Работа началась. Не с мысленных команд, посылаемых в бездну молчащих имплантов, а с тихого, упорного диалога руками, среди немых зрителей в серых коконах. Её пальцы, лишенные былой сверхъестественной ловкости, казались неуклюжими, чужими в этом тонком мире контактов и спаек. Они были инструментом несовершенным, но единственным. Скальпелем, острым и хрупким, как сама надежда, она соскабливала с клемм вековые наслоения ржавчины – оранжевый прах, падающий хлопьями на пыльный пол, оседая на ближайшие рёбра скелета, лежащего у её ног. Щётка с жесткой щетиной скрежетала по металлу, сметая продукты распада, обнажая тусклый блеск меди, еще хранившей память о токе. Каждое движение было молитвой, каждое очищенное соединение – крошечной победой над всепоглощающим забвением и нависающей тенью прошлого кошмара.

Она искала сгоревшие сердца схем – транзисторы, резисторы, конденсаторы, почерневшие и безжизненные. Выпаивала их старым, капризным паяльником, чье шипение и едкий дымок были единственными живыми звуками и запахами в этом склепе смерти и ржавчины. Затем – поиск замены. Она бродила по закоулкам станции, в пыльных, забытых технических шкафах, где тени были гуще, воздух – ещё мертвее, а скелеты в углу казались лишь тёмными сгустками пыли. Там, среди паутины и окаменевшей смазки, она находила реликвии: древние, покрытые пылью десятилетий детали. Конденсаторы, похожие на маленькие бочонки, резисторы с цветными полосками, выцветшими от времени. Они были архаичны, как каменные топоры, но целы. Целы! Она бережно вытирала их тряпкой, ощущая холодный вес в ладони – вес шанса, пытаясь не думать о том, что последними, кто держал их в руках, были те, чьи останки теперь лежат разорванными в главном узле.
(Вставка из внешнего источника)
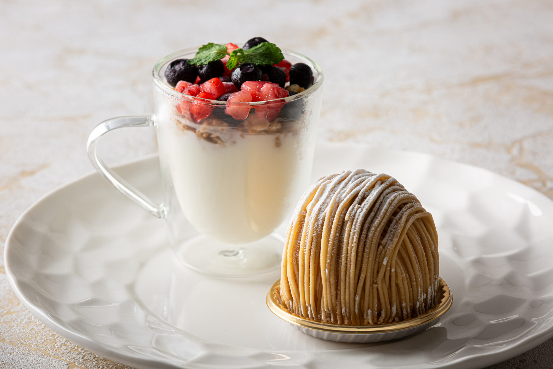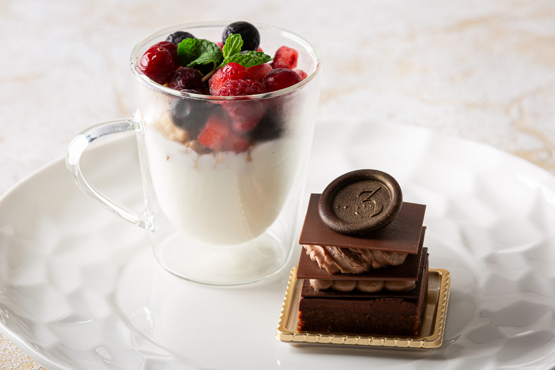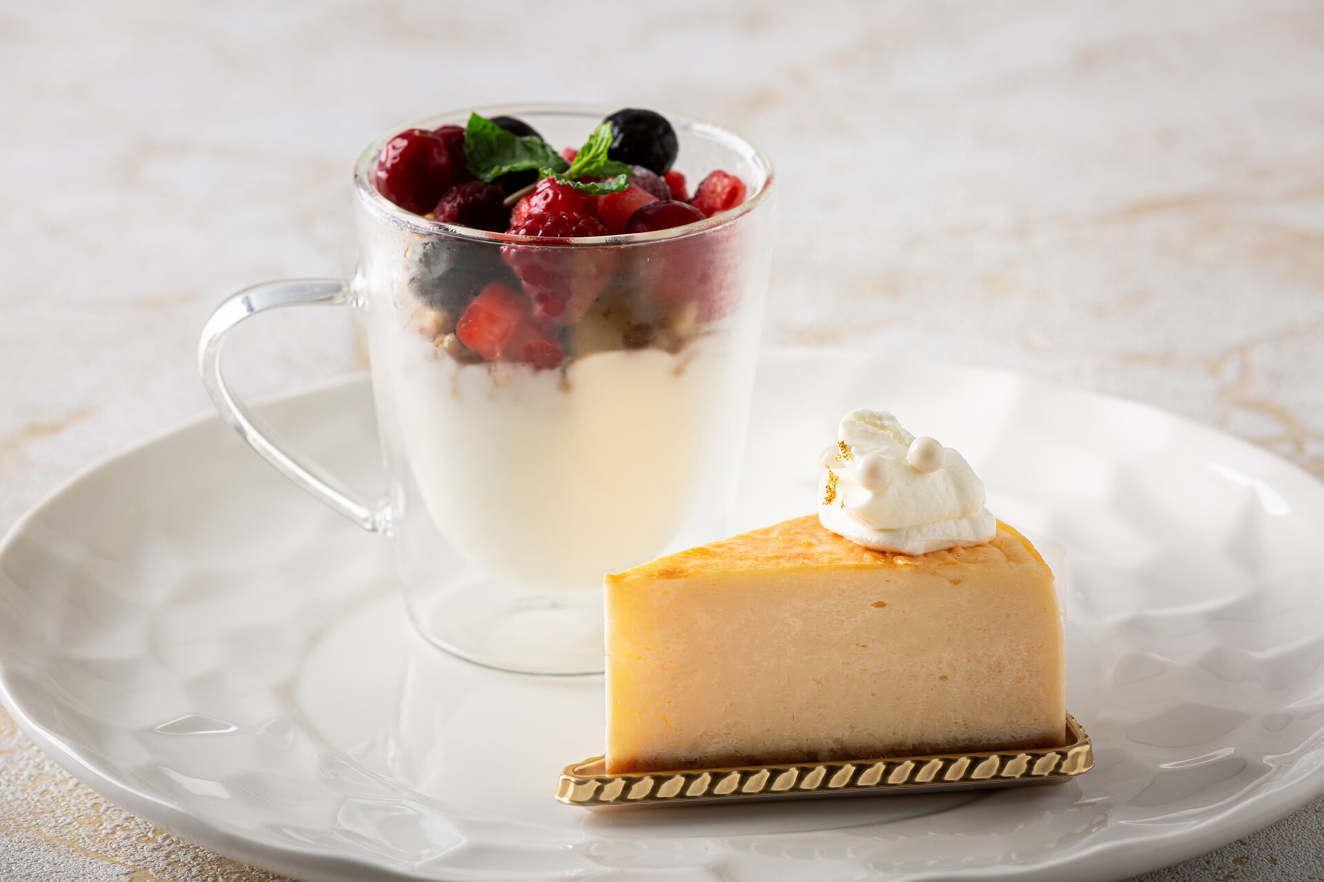 お好きなケーキにヨーグルトグラノーラとドリンクを添えた、 年末年始だけの特別スイーツセット。

Паяльник шипел снова, окутывая её лицо едким облачком. Капли пота, солёные и жгучие, стекали по вискам, смешиваясь с пылью и копотью, оставляя грязные дорожки. Физическая тяжесть работы валила с ног, мышцы ныли от непривычных поз и напряжения. Но это был не просто труд. Это был танец. Танго с ветхим механизмом, где партнер – сама смерть, а музыка – скрежет металла, треск плохого контакта, шипение паяльника и её собственное, учащенное дыхание, эхо которого терялось среди безмолвных костяных сводов. Она чувствовала сопротивление окаменевших гаек, слышала зловещий треск вековой изоляции, осязала хрупкость спаек, готовых рассыпаться от неловкого движения. Былая лёгкость, дарованная имплантами, была утрачена. Но знание… Оно жило глубже. Оно было в мышечной памяти пальцев, в цепком взгляде, выхватывающем знакомые контуры среди хаоса, в той части её существа, что всегда понимала язык машин – не через импланты, а через сродство душ, говорящих на диалекте напряжения и тока, давления и потока, языке, чуждом тому, что оставило эти страшные отметины.

«Дай же мне знак, старуха…» – шепот сорвался с её губ, сухих и потрескавшихся, когда она вставила последний, найденный в разбитом терминале предохранитель – крошечный стеклянный цилиндр с тонкой нитью внутри, хрупкий мостик между жизнью и смертью. Её палец, дрожащий от усталости и нервного напряжения, завис над массивным, покрытым коррозией рычагом основного питания секции систем обеспечения. Миг между прошлым и будущим. Миг между надеждой и окончательной пустотой. Миг, когда тени от аварийных огоньков на стенах казались движущимися, а скрип металла – шагами.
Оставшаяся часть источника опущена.